L is the name of an argument, but it is also a local variable. Rebinding it rebinds the local variable, but does not change the default argument.
UPDATE EDIT:
Python doesn't have "heap" and "stack" in the same manner as C; all it has are objects, and references to those objects. Your function call returns a reference to the same list that was created as the default value for the L argument of the f function, and any operation that mutates it will mutate the value of the default argument.
The default value is evaluated only once
means that if you do def foo(a, b=len([1,2,3])) b will be set to 3 and it will not make any function call to len if you call foo.
The = operator assigns an object to a name. It doesn't change the previous object.

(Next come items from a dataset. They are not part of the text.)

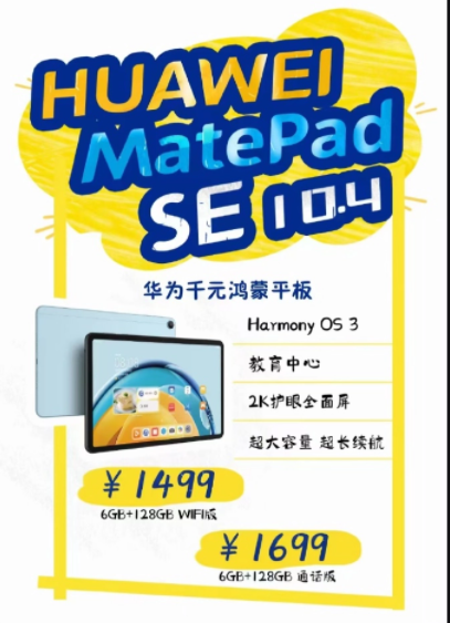 該機搭載了高通驍龍 680 芯片,配備 10.4 英寸 2K 護眼屏,升級 HarmonyOS 3 系統,配色也從深海藍改成了更淺的海島藍色,擁有 WiFi 版和通話版兩種型號,但依然僅有 6+128GB 一種存儲版本,分別為 1499 元和 1699 元。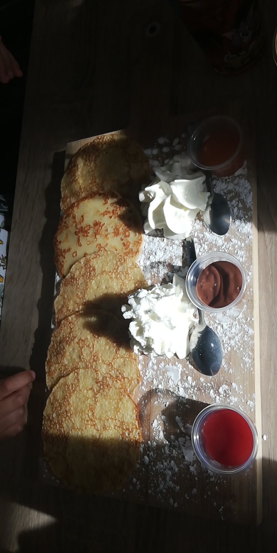 Nous sommes venus à 6. De bonnes gaufres pour nous réchauffer après le vélo rail sous la pluie. Accueil un peu froid, les gaufres étaient bonnes. Apparemment café restaurant bien sympathique. Mais quand nous avons dit, tous aurevoir, pas de réponse peut être trop occupés par leur travail....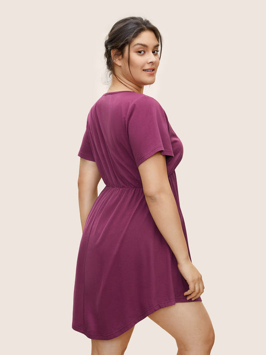 Plain Lace Panel Elastic Waist Curved Hem Sleep Dress
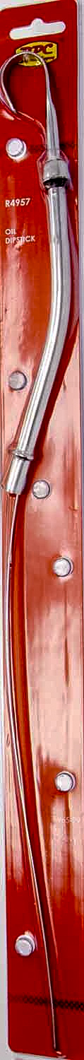 Product Description Engine Oil Dipstick - Solid Tube - Block Mount - 19 in Long - Steel - Chrome - Small Block Chevy - Each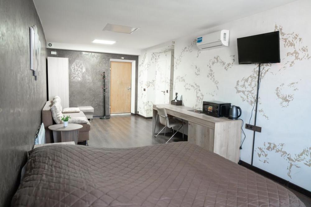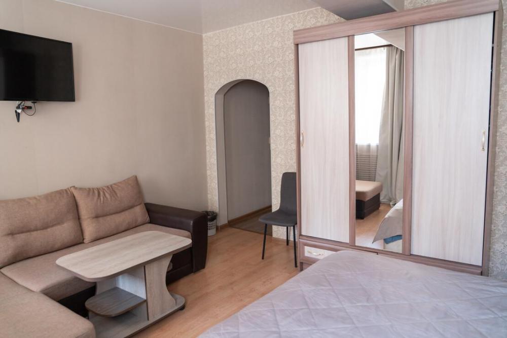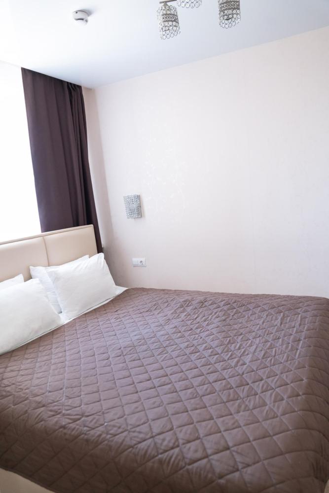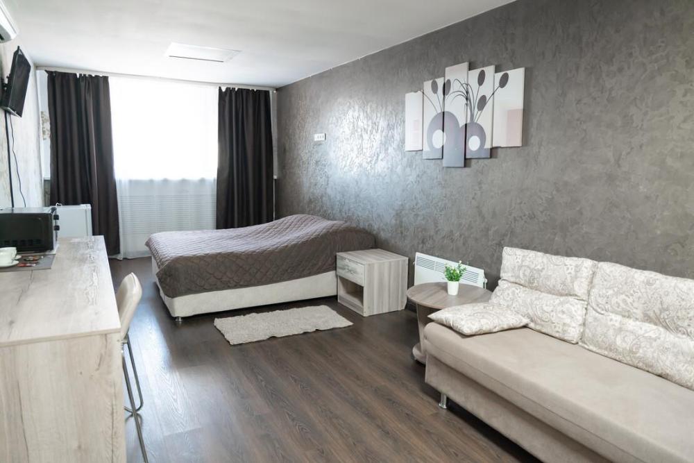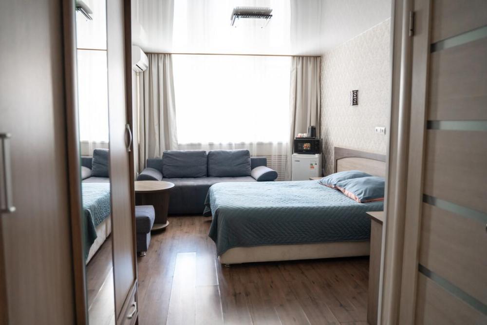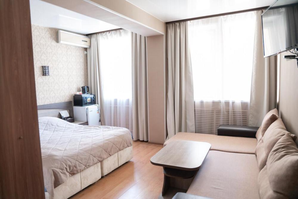 Двухкомнатный номер, оформленный в бежевых тонах. В номере: ЖК телевизор, двуспальная кровать, диван-кровать, журнальный столик, шкаф, ванная комната с одноразовыми средствами личной гигиены.

If you run the functions below, it will help you to see how it works.
def f(a, L=[]):
print("id default: ", id(L))
L.append(a)
print("id used: ", id(L)
return L
Notice 1 object address, we are using only the default list object and we are changing it.
def f(a, L=[]):
print("id default: ", id(L))
if L == []:
L = []
L.append(a)
print("id used: ", id(L))
return L
Notice 2 different object addresses, when you assign L=[] again in the function, you are using a different list object and not the default list object, and that is why the default list object doesn't change.
def f(a, L=None):
print("id default", id(L))
if L is None:
L = []
L.append(a)
print("id used: ", id(L))
return L
This function is basically the same as the one above it, same idea, but it uses a None object instead of an empty list object.